Which of the following statements about debt financing is FALSE?
A. Debt financing comes from banks or other commercial
lenders.
B. When a bank gives a company a loan, they become partial
owners of the company.
C. Companies often have to pay interest when they use debt
financing.
D. It’s harder for startups to get debt financing.
The Correct Answer and Explanation is :
The statement that is FALSE is:
B. When a bank gives a company a loan, they become partial owners of the company.
Explanation:
Debt financing involves raising capital by borrowing money from lenders, which can include banks, credit unions, or other financial institutions. When a company takes out a loan, it agrees to repay the borrowed amount plus interest over a specified period. Unlike equity financing, where investors receive ownership shares in the company, debt financing does not grant lenders any ownership stake. Lenders are primarily interested in the repayment of the principal amount and the interest charged, not in controlling the company.
Here’s a breakdown of the other statements:
A. Debt financing comes from banks or other commercial lenders.
This statement is true.

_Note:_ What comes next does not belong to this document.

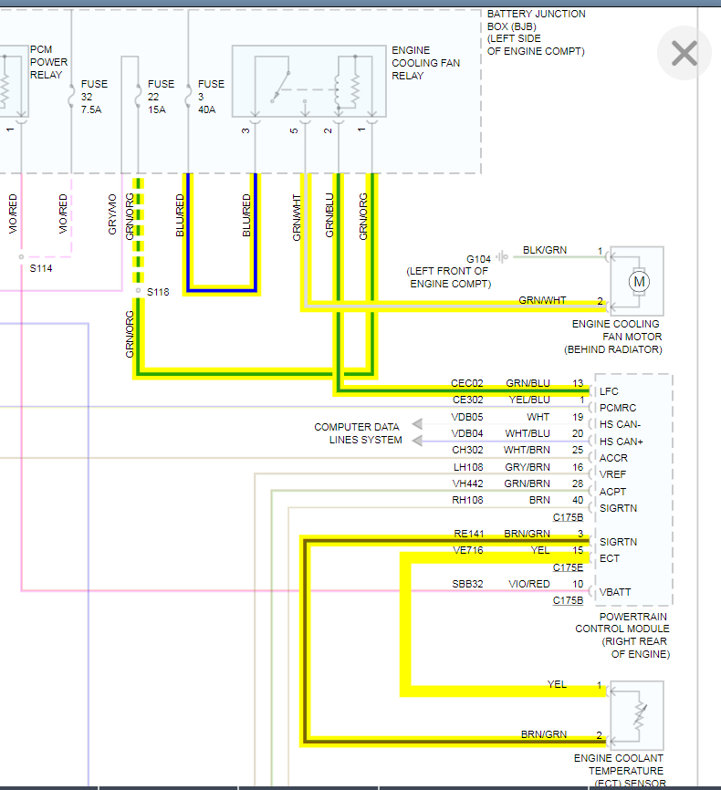 However, it very well could be a PCM for other reasons. Let's circle back to the relay. When you jump 12 volts to PIN 5 of the relay, does the cooling fan come on? Take a look at the wiring diagram and let me know this and we can go from there.

Debt financing typically involves borrowing from financial institutions like banks, which provide loans to companies based on their creditworthiness and ability to repay.
C. Companies often have to pay interest when they use debt financing.

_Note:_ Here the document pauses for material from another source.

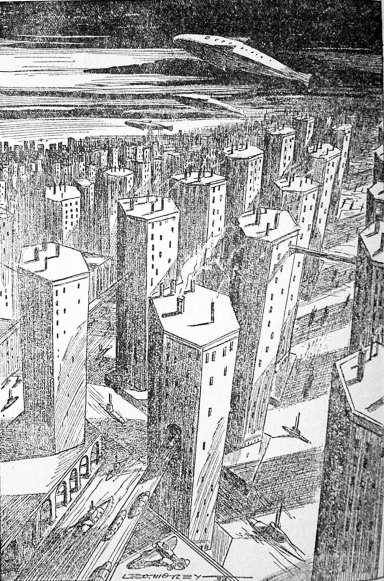 Costigan sprang to his feet, but before he could launch his intended attack a vast tunnel appeared beside him--an annihilating ray had swept through the entire width of the liner, cutting instantly a smooth cylinder of emptiness. Air rushed in to fill the vacuum, and the three visitors felt themselves seized by invisible forces and drawn into the tunnel. Through it they floated, up to and over the buildings, finally slanting downward toward the door of a great high-powered structure. Doors opened before them and closed behind them, until at last they stood upright in a room which was evidently the office of a busy executive. They faced a desk which, in addition to the usual equipment of the business man, carried a bewilderingly complete switchboard and instrument panel.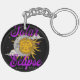 Rundschwarzer Schlüsselanhänger mit Vintager Sonne und Mond zum Feiern der Sonnenfinsternis 2024

This statement is also true. When companies borrow funds, they are required to pay interest on the amount borrowed. This interest serves as the cost of borrowing and is a primary factor that distinguishes debt financing from equity financing.

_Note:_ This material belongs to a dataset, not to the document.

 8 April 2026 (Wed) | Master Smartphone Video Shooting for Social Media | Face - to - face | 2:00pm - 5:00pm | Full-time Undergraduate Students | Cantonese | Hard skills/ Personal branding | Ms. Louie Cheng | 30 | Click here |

D. It’s harder for startups to get debt financing.
This statement is true as well. Startups often lack the established credit history and financial stability that lenders look for when approving loans. This makes it more challenging for new businesses to secure debt financing compared to more established companies.
In summary, statement B is false because taking out a loan does not confer any ownership rights to the lender, highlighting a fundamental difference between debt and equity financing.